WASHINGTON (Reuters) - U.S. power plants can comply with new environmental rules without disrupting the supply of electricity if providers and local authorities have time to plan for the changes, energy regulators told congressional Republicans seeking to unwind the rules.
“I believe this nation can retire a significant amount of existing generation,” said Philip Moeller, a Republican member of the Federal Energy Regulatory Commission (FERC).
“The key questions are which plants are going to be retired, where are they, and what is a manageable time frame.”
Republicans in Congress have vowed to block many of the Environmental Protection Agency’s new rules -- which include restricting air pollution across state lines and limiting many pollutants.

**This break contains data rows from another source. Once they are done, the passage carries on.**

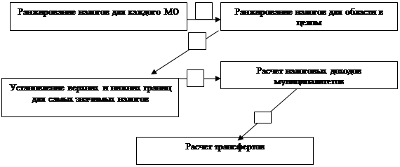 В модели используется следующий алгоритм расчетов, определяющийся в зависимости между долей поступающей в виде отчисления от налогов и минимальной бюджетной обеспеченностью.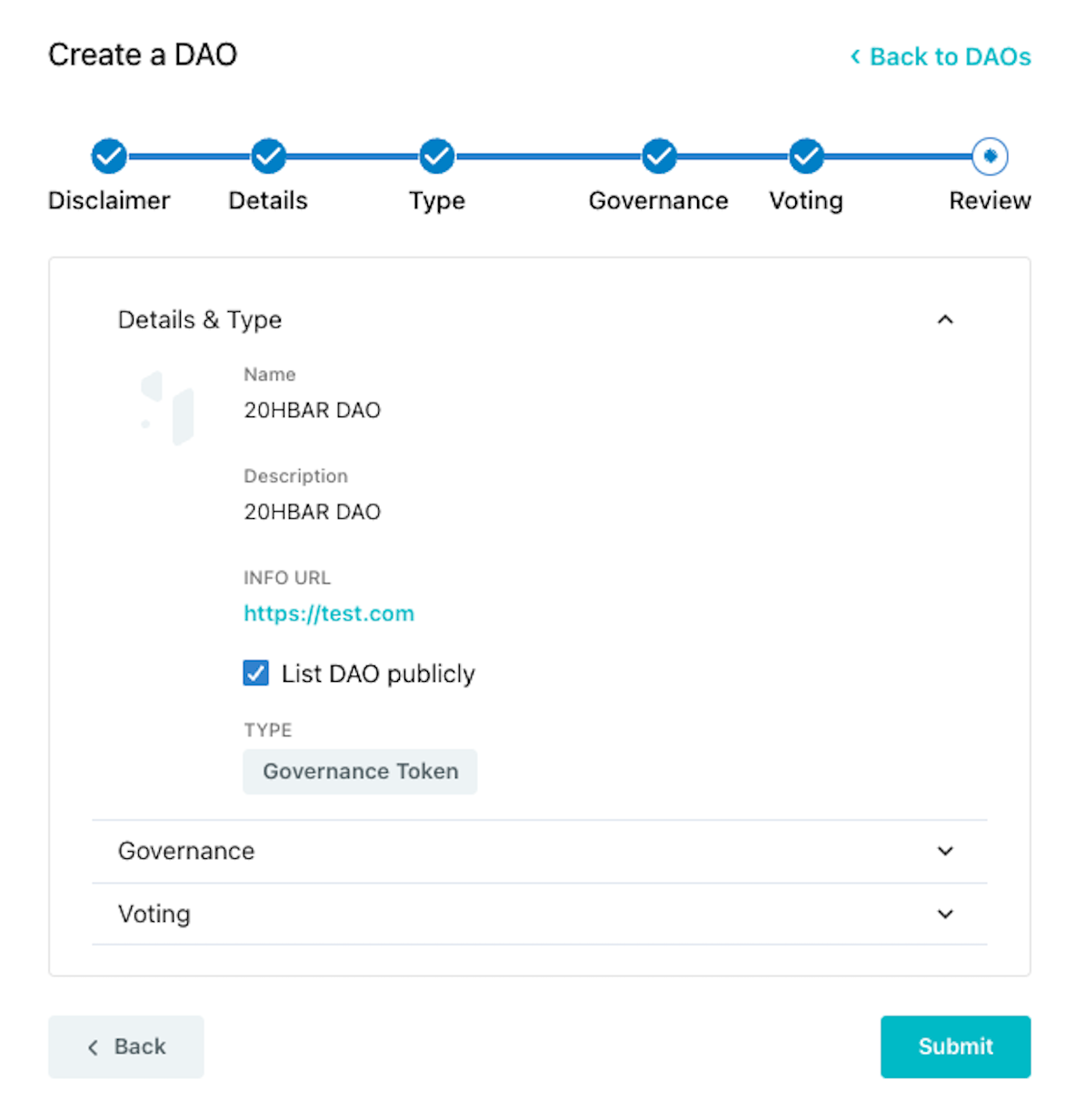 Review the DAO details, governance type, and submit the transaction. Approve the DAO creation transaction in your wallet to proceed.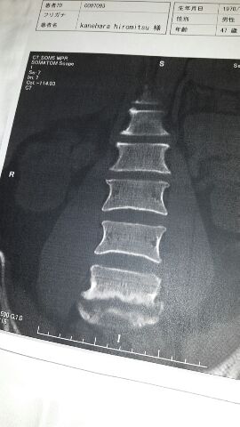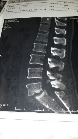 俺の一番下の腰の骨、それと仙骨と写真では写ってないけど椎間板、こんなに溶けてしまった。

They say the rules would raise electricity costs and stifle job creation.
Wednesday’s meeting was called by the Republican-controlled House of Representatives’ Subcommittee on Energy and Power to consider a range of reports, including one by FERC staff, that estimate the EPA’s rules could reduce the generation of energy by as much as 80 gigawatts.
“We will go beyond the question of how much it will cost to turn on the lights and address...whether we can depend on the lights to go on at all,” said committee Chairman Ed Whitfield in prepared remarks. “We need much better answers to these reliability concerns than we have gotten thus far.”
FERC commissioners said many of the studies were done before the EPA finalized its rules. State and local assessments will provide a clearer picture of the regulations’ likely impact, FERC chairman Jon Wellinghoff said.
Commissioners urged flexibility in compliance for smaller plants or those in locations that would be disproportionately affected by a power plant closing.
“Smaller plants are typically older and dirtier, but there are advantages in the system to smaller plants,” Moeller said. “They ramp up and down faster, might be in locations where voltage support is key.”
Democratic lawmakers on the committee sought to portray their Republican counterparts as sacrificing the health of Americans to generate energy. Ed Markey, one of the authors of failed climate change legislation two years ago, called it the “tension here between air quality and air conditioning.”